Work instructions:
Go to the line with "This soft cardigan" in the records below, then output it and each following line exactly, up to and including the line with "Függő fürdőszobaszekrény fekete". Skip pictures and add nothing.

Data to examine:
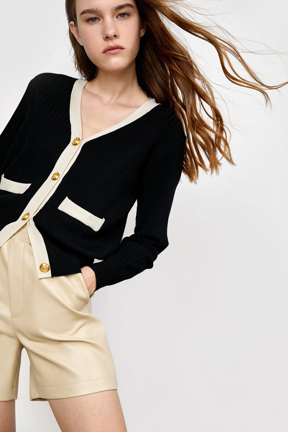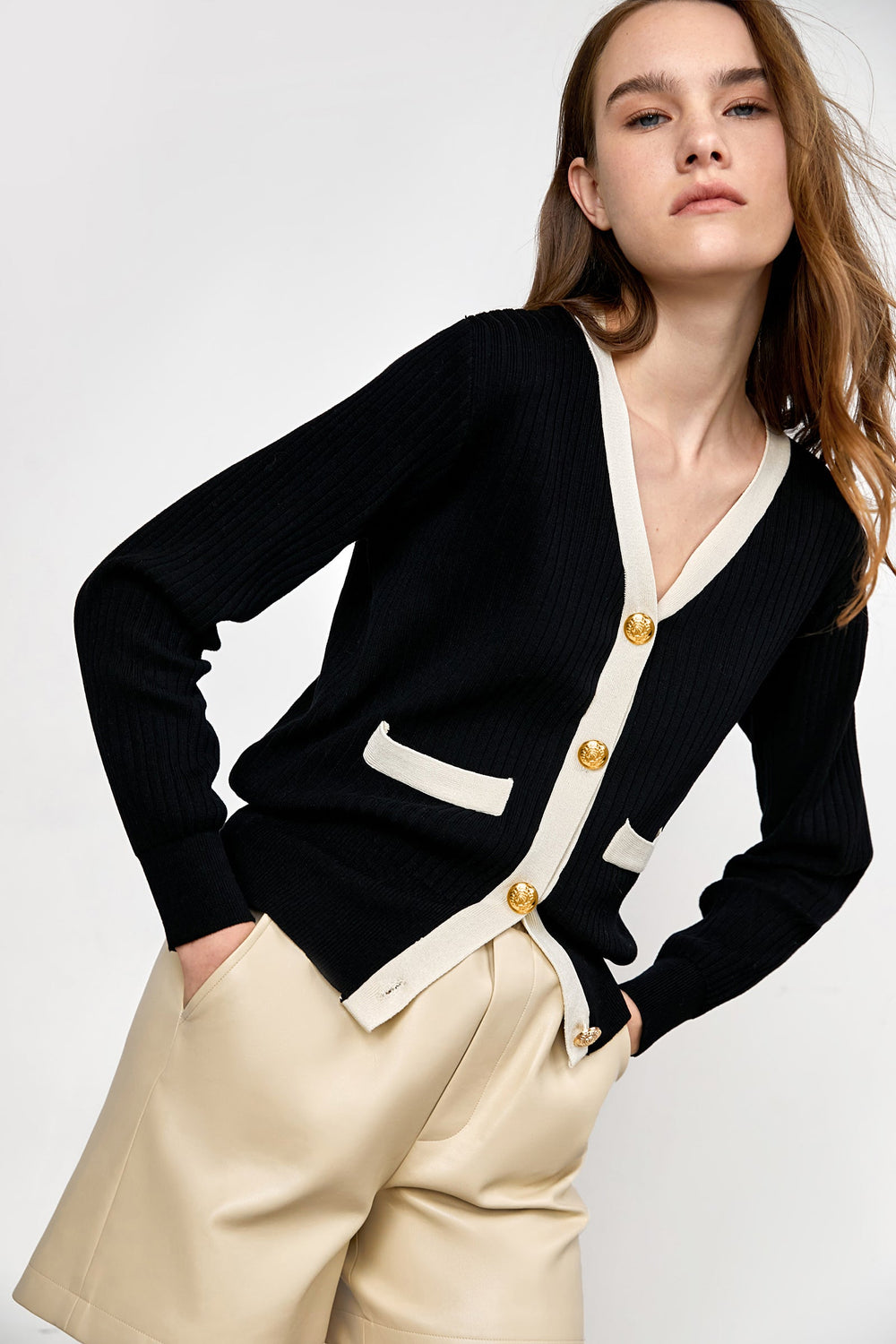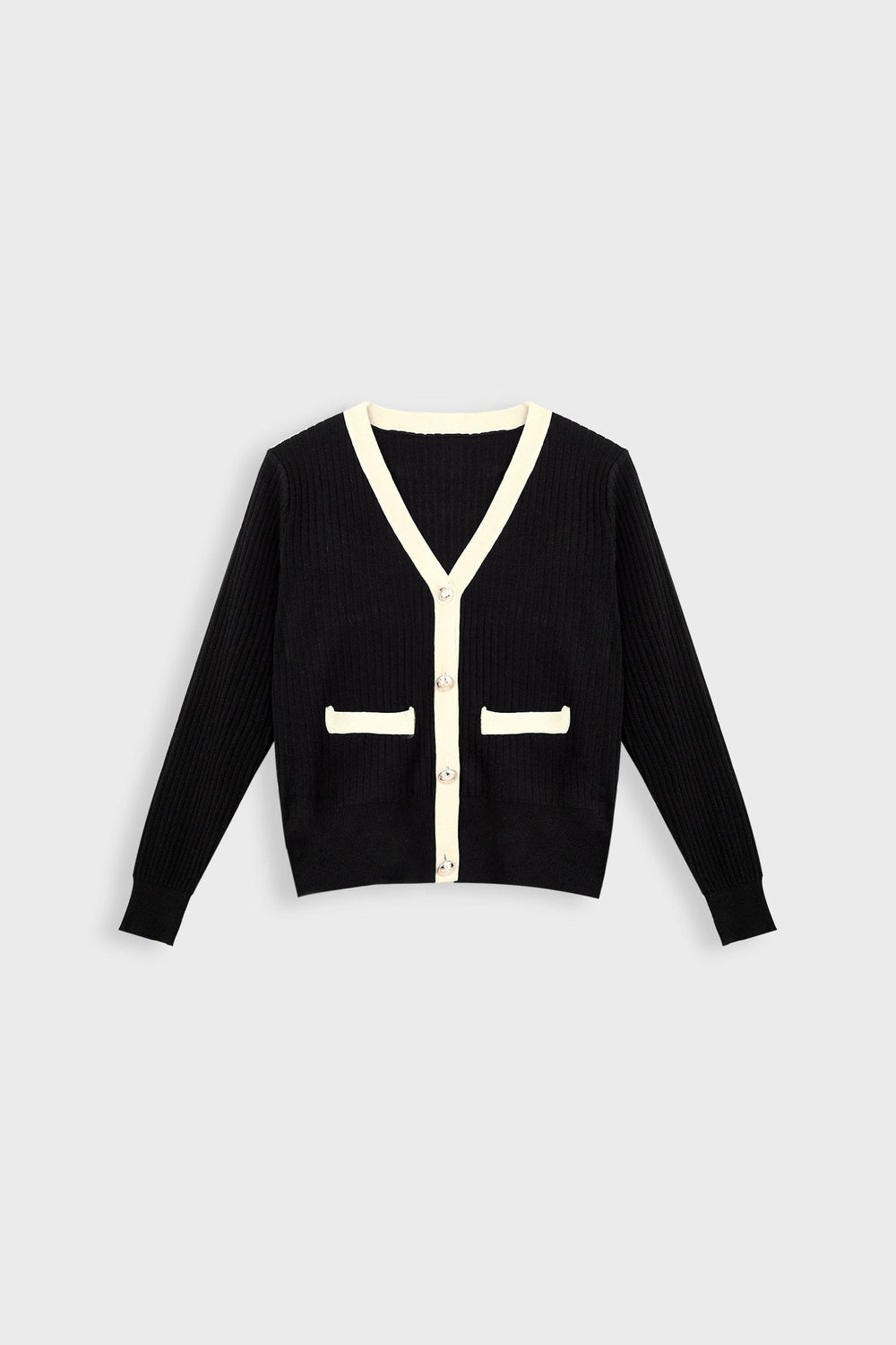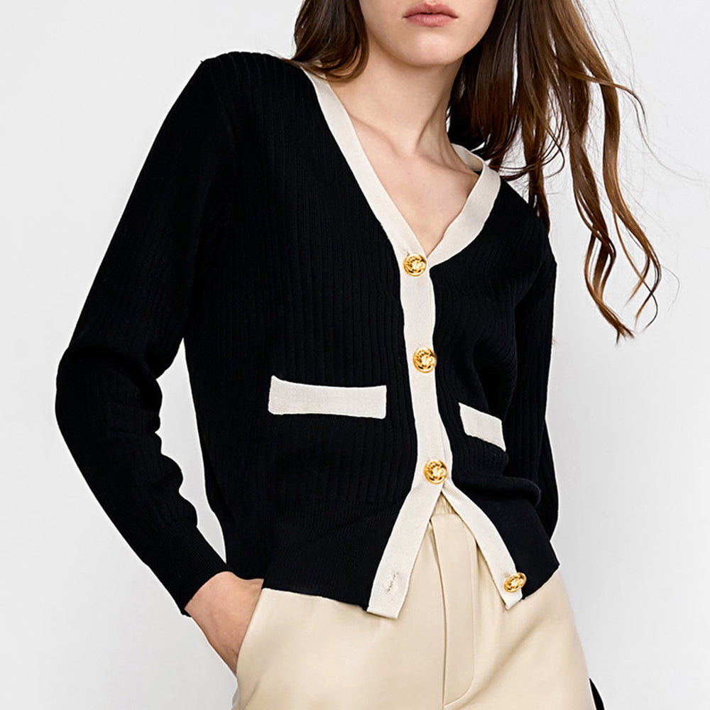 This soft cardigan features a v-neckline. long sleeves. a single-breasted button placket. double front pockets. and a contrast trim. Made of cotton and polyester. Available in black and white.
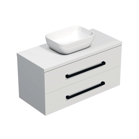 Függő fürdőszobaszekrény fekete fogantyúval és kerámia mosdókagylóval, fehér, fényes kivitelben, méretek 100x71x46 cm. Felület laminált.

==

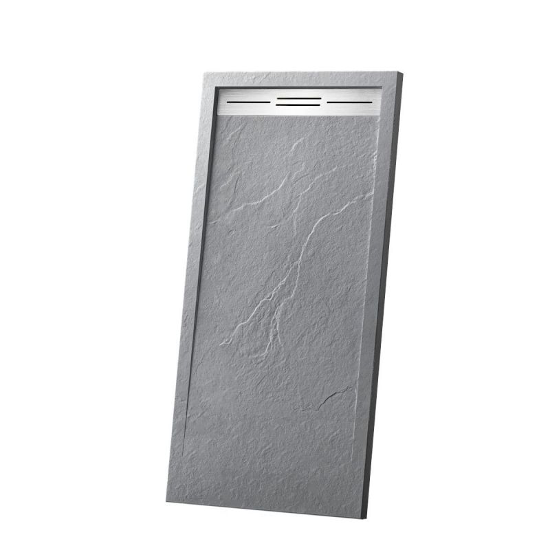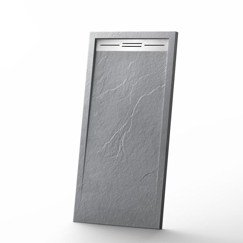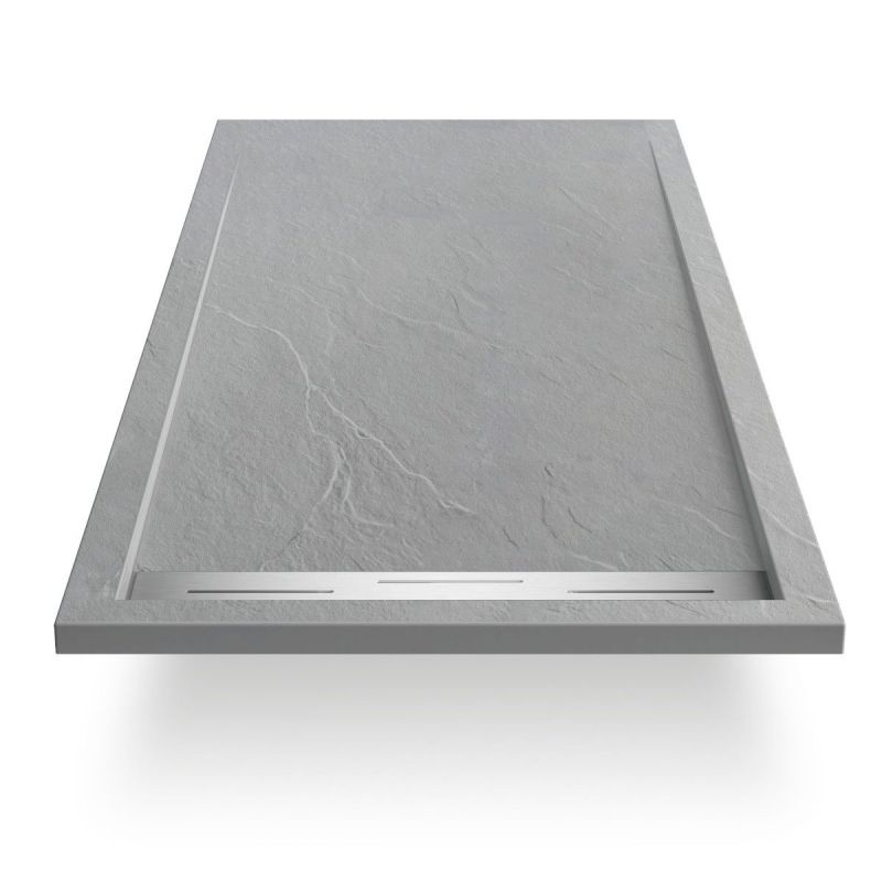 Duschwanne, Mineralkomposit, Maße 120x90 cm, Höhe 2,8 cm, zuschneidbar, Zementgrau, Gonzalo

* * *

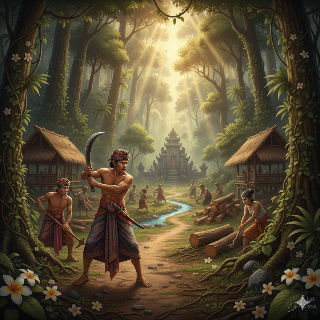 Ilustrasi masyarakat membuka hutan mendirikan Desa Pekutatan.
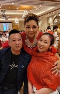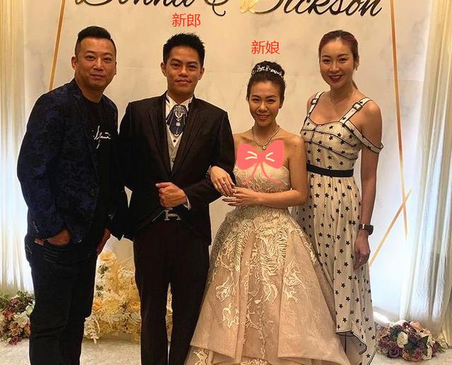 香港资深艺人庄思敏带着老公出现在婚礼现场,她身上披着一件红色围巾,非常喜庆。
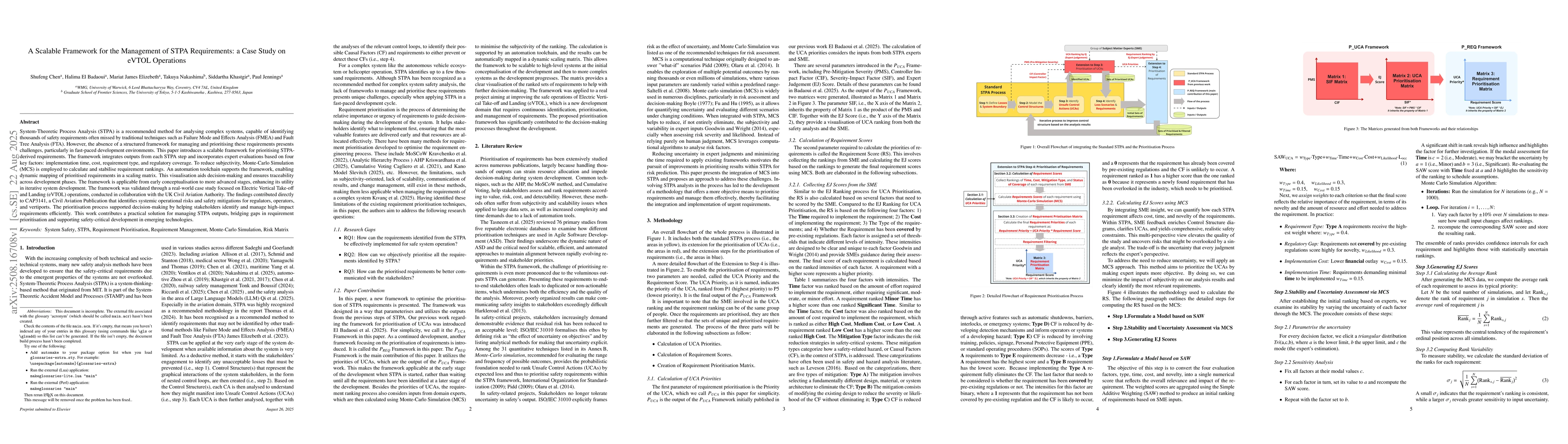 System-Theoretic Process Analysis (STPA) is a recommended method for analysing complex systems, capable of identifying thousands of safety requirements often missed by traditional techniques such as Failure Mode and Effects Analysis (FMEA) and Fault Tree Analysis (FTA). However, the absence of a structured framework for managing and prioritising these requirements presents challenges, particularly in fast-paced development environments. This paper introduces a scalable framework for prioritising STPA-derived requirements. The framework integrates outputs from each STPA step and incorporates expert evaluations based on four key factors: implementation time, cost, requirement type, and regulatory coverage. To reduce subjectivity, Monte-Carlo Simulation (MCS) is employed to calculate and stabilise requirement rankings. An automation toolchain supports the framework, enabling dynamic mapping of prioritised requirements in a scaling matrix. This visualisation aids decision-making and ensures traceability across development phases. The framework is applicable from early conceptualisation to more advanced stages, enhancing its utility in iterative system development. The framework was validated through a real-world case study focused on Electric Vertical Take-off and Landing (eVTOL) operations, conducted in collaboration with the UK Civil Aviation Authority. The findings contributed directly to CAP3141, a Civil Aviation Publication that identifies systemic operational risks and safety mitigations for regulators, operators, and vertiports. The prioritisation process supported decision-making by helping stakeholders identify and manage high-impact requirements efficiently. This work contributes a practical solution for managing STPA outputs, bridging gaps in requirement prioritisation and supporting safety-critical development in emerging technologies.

Result:
 This soft cardigan features a v-neckline. long sleeves. a single-breasted button placket. double front pockets. and a contrast trim. Made of cotton and polyester. Available in black and white.
 Függő fürdőszobaszekrény fekete fogantyúval és kerámia mosdókagylóval, fehér, fényes kivitelben, méretek 100x71x46 cm. Felület laminált.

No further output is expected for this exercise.